Enemies showcases Unity’s capabilities for powering high-end visuals in 2022
CryEngine, developed by CryTek is a full-featured sandbox editor that supports development for all major platforms, including Xbox, PS4, Windows PC and Oculus. It is considered as one of the best free, open-source game engines on the market that offers free licenses and incredible flexibility for developers. CryEngine also provides plenty of free educational resources like tutorials, forums, and documentation to help beginners.

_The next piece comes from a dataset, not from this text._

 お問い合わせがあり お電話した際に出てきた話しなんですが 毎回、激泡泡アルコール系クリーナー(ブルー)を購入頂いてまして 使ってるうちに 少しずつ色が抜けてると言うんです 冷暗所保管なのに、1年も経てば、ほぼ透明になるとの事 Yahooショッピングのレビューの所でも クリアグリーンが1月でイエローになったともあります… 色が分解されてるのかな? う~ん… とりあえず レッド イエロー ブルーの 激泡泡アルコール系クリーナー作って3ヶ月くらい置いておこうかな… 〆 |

“With CRYENGINE, we have a simple goal: to create the most powerful gaming engine software in the industry, and to give creators all across the globe the tools to harness this power to create world-class gaming experiences, no matter their budget or team size.” - Cytek statement
Most games that feature CryEngine have stunningly life-like graphics and Crysis 3, Kingdom Come: Deliverance, Son of Rome or Hunt: Showdown are some perfect examples of this.
Hunt: Showdown graphics
Son of Rome graphics
Amazon Lumberyard is a 3D game engine designed to build games and fan communities. It offers VR preview mode, visual scripting tools, and also Twitch integration. Lumberyard’s visual technology is based on CryEngine, which means gorgeous 3D environments and a whole slew of awesome real-time effects that allow developers to create high-quality games, and connect them to the AWS Cloud. The engine has good native support for C++, P2P, and client topology. Lumberyard also supports Autodesk Maya and Adobe Photoshop.
Lumberyard is designed for effortless compatibility with Amazon Web Service and is a great game engine for beginners. Lumberyard includes everything a professional game developer expects, including a full-featured editor, native code effectiveness, and stunning visual graphics. It also comes with hundreds of ready-to-use features such as networking, cinematic sequences, the Script Canvas editor, and the Animation Editor, along with audio tools.

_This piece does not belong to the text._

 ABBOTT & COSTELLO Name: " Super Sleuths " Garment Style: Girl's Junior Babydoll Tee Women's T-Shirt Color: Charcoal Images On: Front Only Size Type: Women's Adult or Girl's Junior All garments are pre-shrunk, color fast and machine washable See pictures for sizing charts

Some notable games built on Amazon Lumberyard include Star Citizen, Sweet Bandits' Coffence, Deadhaus Sonata, State of Survival, etc.
Deadhaus Sonata graphics
Game engines have become the most powerful tools for building digital environments, advancing game design and providing a sandbox for experiment and exploration. Today, the video game market is larger than ever, and gamers are beginning to grow hungry for the next “new thing.” Whatever that may be, it’s safe to say these engines will drive this innovation forward. They started out as utilitarian game development frameworks, but since have grown far beyond their roots, with applications in numerous complex fields outside gaming. The coming decades will likely see these engines emerge as key tools for building the infrastructure of the Metaverse, offering creators a way to bring their ideas to life within vibrant virtual worlds.